You can go home again. If your home is Cleveland.
Mike Brown and his family had already decided to move out of Los Angeles and go back to Cleveland before the opportunity to coach the Cavaliers fell in his lap, but now he has a job to go back to. The Cavaliers made it official and announced Brown as their coach early Wednesday morning.
“I am more than excited about Mike Brown’s return to the Cleveland Cavaliers,” said Cavaliers owner Dan Gilbert in a released statement. “Mike has done nothing but win in this league since he was a first-year assistant many years ago. He is going to instill a much-needed defensive-first philosophy in our young and talented team that is going to serve as our foundation and identity as we continue down the path of building the kind of franchise that competes at a championship level for many years to come.”
Gilbert was frustrated with the lack of defense the young Cavaliers played under Byron Scott (they finished 26th in the league in defensive efficiency) and that combined with the way he seemed to lose the team at the end of the season did him in.
Brown has a five-year, $20 million contract, although the last year of that reportedly can be bought out cheaply. Expect the Cavaliers to force him to hire an offensive-minded assistant coach to run that end of the court for the team, putting in something a little more innovative than what Brown falls back on.

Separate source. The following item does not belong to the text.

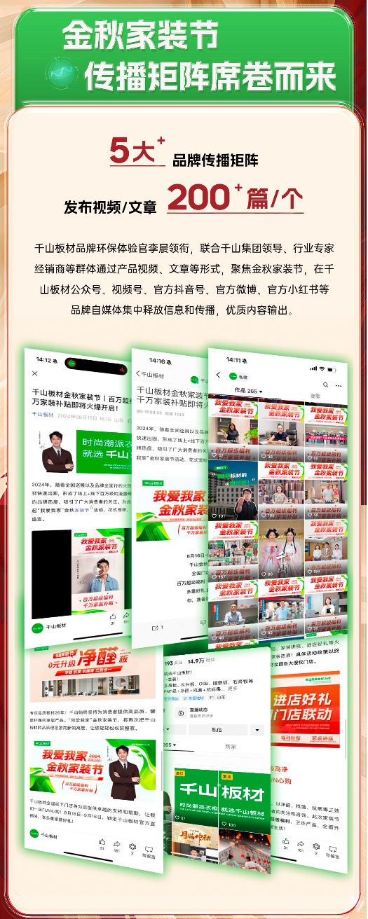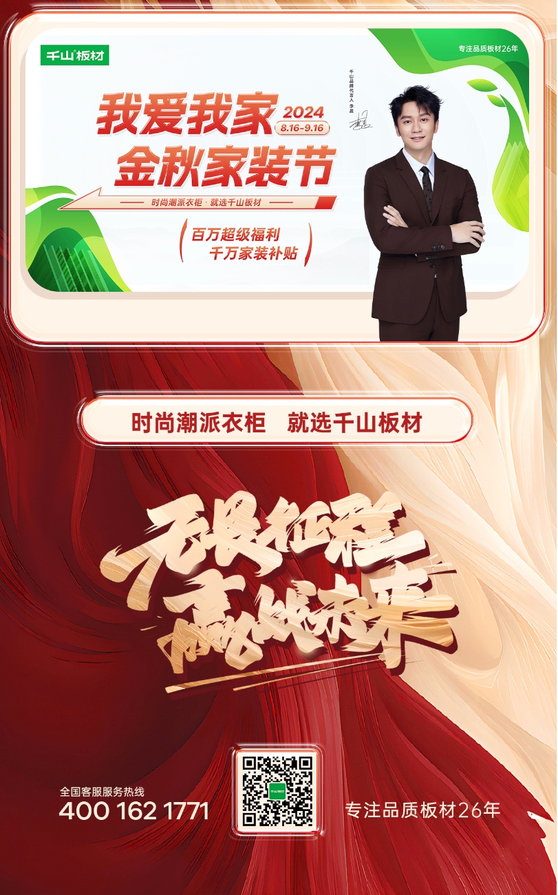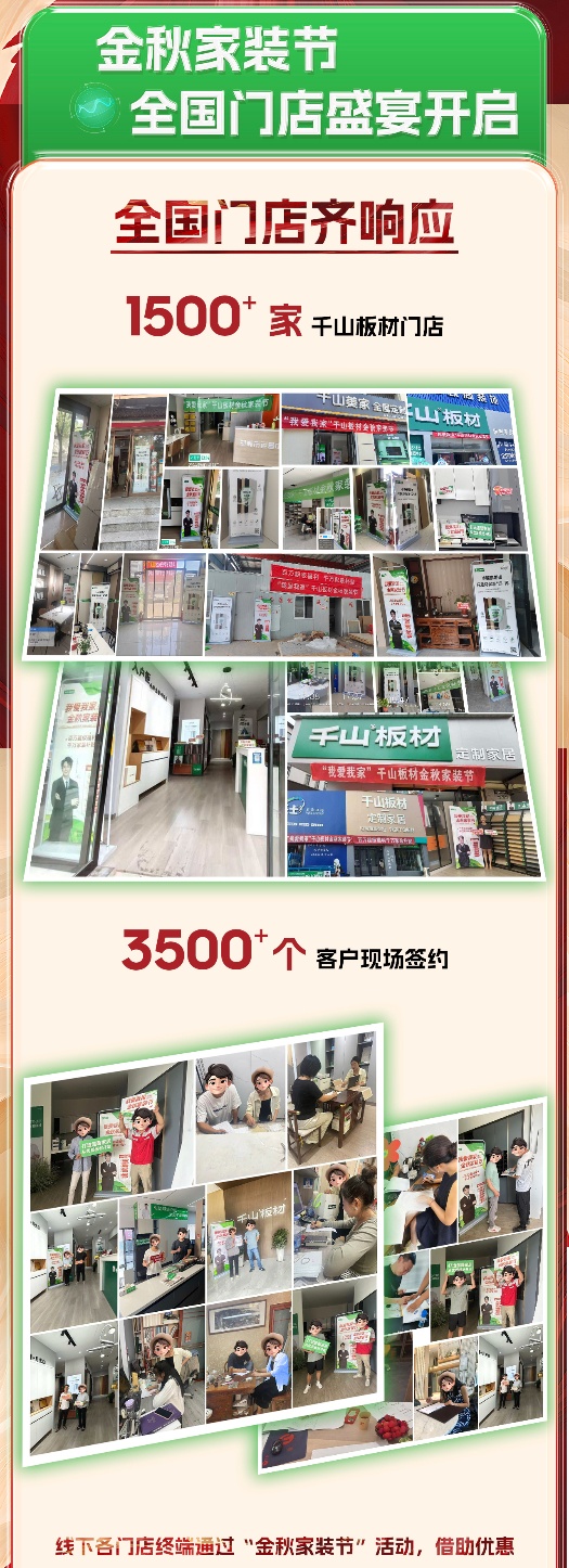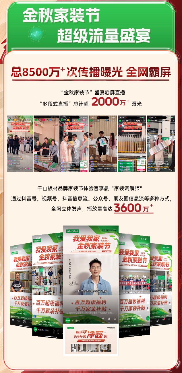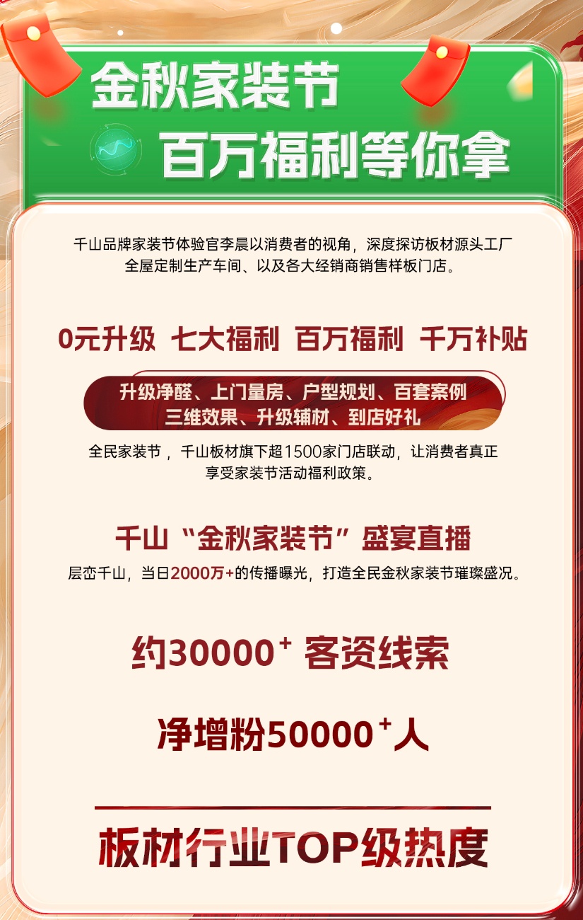 8月16日,千山金秋家裝節(jié)火爆上線,截至9月16日,為期30天的家裝節(jié)活動日前正式落下帷幕?;顒悠陂g,千山板材全國1500+門店聯(lián)動,全網(wǎng)曝光量超8500萬、線上直播觀看量超2000萬、簽約數(shù)量達3500+,實現(xiàn)了品牌聲量和銷售業(yè)績的雙豐收!

One side question is how much this impacts the fate of Mike D’Antoni — the Lakers owed $8 million over the next two seasons to Brown but now likely owe little if anything to him (depends on the wording of the contract but the league does not allow coaches to double-dip in these instances, the Lakers likely just owe the difference between the deals). One of the reasons D’Antoni was considered safe is the Lakers didn’t want to fire him and be paying three coaches at once. But now with Brown basically off the books, the Lakers have less financial reason to hang on to D’Antoni. I do not think this means they fire him (unless Dwight Howard plays that card during contract negotiations, and he is already trying to shake a coach killer reputation so don’t bet on it) but I think D’Antoni’s leash just got a lot shorter.